Citing a recent report of the Parliamentary Standing Committee on Education, the Congress on Tuesday raised concern over “large-scale stagnation in job markets”.

The panel, headed by senior Congress MP Digvijaya Singh, had flagged an “unusual decline” in placement of students at the Indian Institutes of Technology (IIT) and the National Institutes of Technology (NIT) between 2021-22 and 2023-24, and asked the Centre to address the reasons behind this drop.

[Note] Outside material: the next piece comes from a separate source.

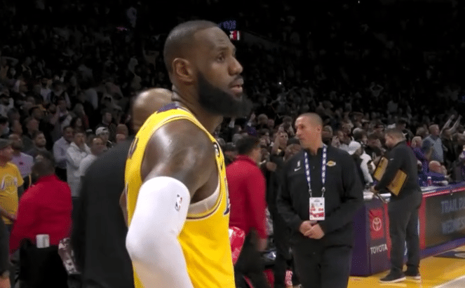 湖人惨遭压哨绝杀,詹姆斯和浓眉都站在球场上并且抬头看向计时器,似乎不敢相信眼前发生的这一幕,他们内心的不甘和落寞都写在脸上,之后詹姆斯沮丧地走回更衣室。

Commenting on the report, Congress general secretary and MP Jairam Ramesh said 22 of the 23 IITs recorded a decline in placements in this period. “The drop was over 10 percentage points at 15 IITs. In 2021-22, 90.43% of B.Tech. students at IITs who appeared for placements were placed – in 2023-24, only 80.25% of the students secured jobs. Twenty-three of the 25 Indian Institutes of Information Technology witnessed a drop in the placement in 2023-24 compared to 2021-22. Sixteen of them saw a decline of over 10 percentage points,” Mr. Ramesh said in a statement.

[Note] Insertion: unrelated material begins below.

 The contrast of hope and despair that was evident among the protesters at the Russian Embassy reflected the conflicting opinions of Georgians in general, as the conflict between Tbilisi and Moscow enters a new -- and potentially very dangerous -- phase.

He said 27 of the 31 NITs recorded a fall in average salary packages offered to engineering graduates between 2022-23 and 2023-24. “Three of these institutes saw the average package decline by over ₹3 lakh per annum. In the same years, the number of students placed at 31 NITs also dropped from 18,957 to 16,915, a decrease of 10.77%,” he added.

The IITs are the nation’s premier institutions for engineering, with the most competitive admissions processes that attract the best of faculty and students, he said. “Engineering is moreover considered to be among the most marketable of all degrees. If one-fifth of the engineers at IITs are unable to find jobs, it raises concern over how the larger population of educated youth in this country is able to secure employment. Indeed, the fact that NITs and IIITs are also seeing a decline in placements points to a large-scale stagnation in job markets,” he added.

He said the fall in the average salary package secured by engineers graduating from the NITs pointed to a stagnation in salaries. “The placements data proves – once again – that these crises are not just afflicting the informal sector and the rural population alone but are causing distress even in our most elite educational institutions,” he said.